Abstract

The coordination of Cu2+ by glyoxilic acid oxime (gao) − the oxime analogue of glycine amino acid − and its deprotonated (gao- and gao2-) species has been studied with different density functional methods. Single-point calculations have also been carried out at the single- and double- (triple) excitation coupled-cluster (CCSD(T)) level of theory. The isomers studied involve coordination of Cu2+ to electron-rich sites (O,N) of neutral, anionic, and dianionic gao species in different conformations. In contrast to Cu2+−glycine, for which the ground-state structure is bidentate with the CO2- terminus of zwitterionic glycine, for Cu2+−gao the most stable isomer shows monodentate binding of Cu2+ with the carbonylic oxygen of the neutral form. The most stable complexes of Cu2+ interacting with deprotonated gao species (gao- and gao2-) also take place through the carboxylic oxygens but in a bidentate manner.
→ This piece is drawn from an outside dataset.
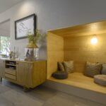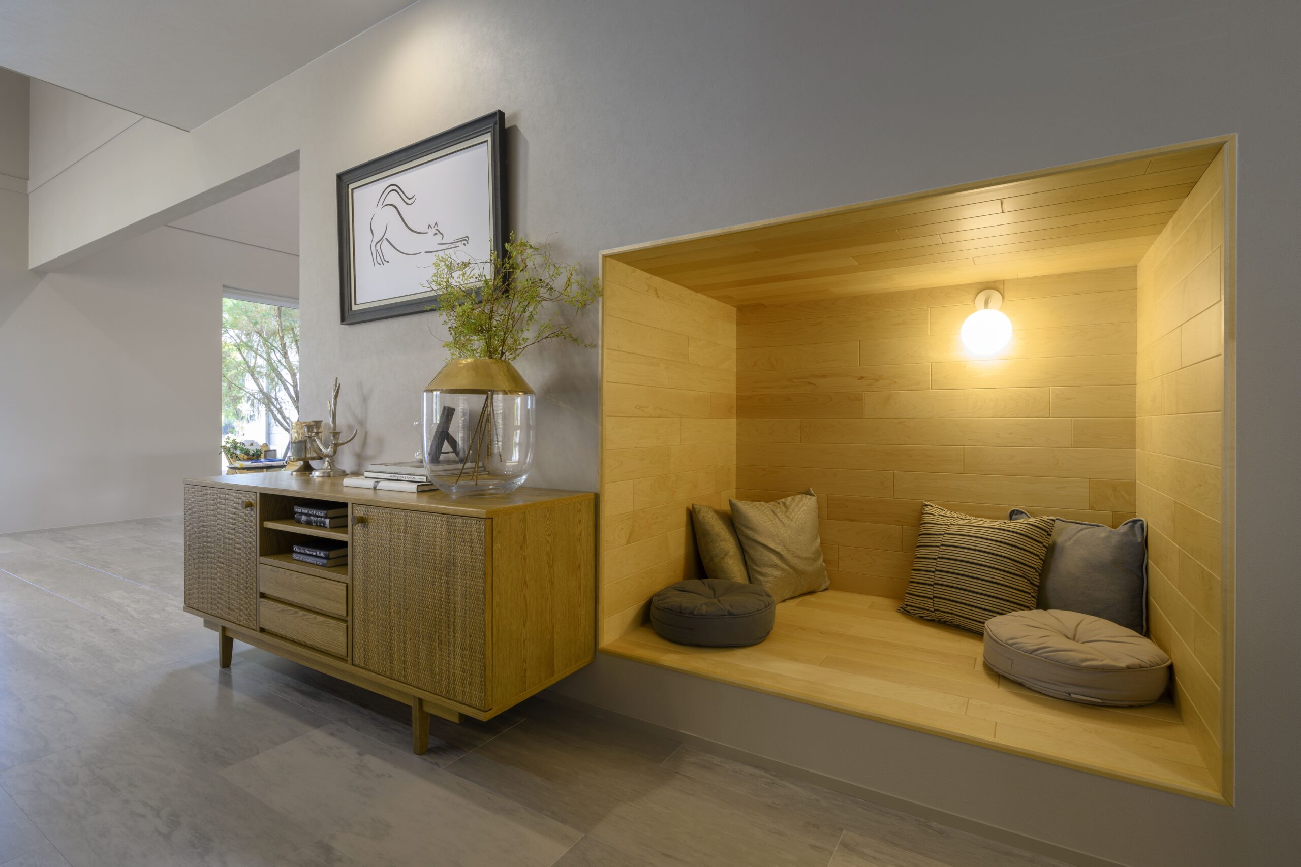 大開口のリビングに加え、和室に中二階、そして水回りへと続く廊下にはヌックスペースを配置。壁やドアといった仕切りをできるだけ設けず曖昧につながりつつも、それぞれの空間に没頭できるような配置にして、家族の気配を感じながらそれぞれの時間を過ごすことができます。

The results with different functionals show that, for these open shell (Cu2+−L) systems, the relative stability of complexes with different coordination environments (and so, different spin distribution) can be quite sensitive to the amount of “Hartree−Fock” exchange included in the functional. Among all the functionals tested in this work, the BHandHLYP is the one that better compares to CCSD(T) results.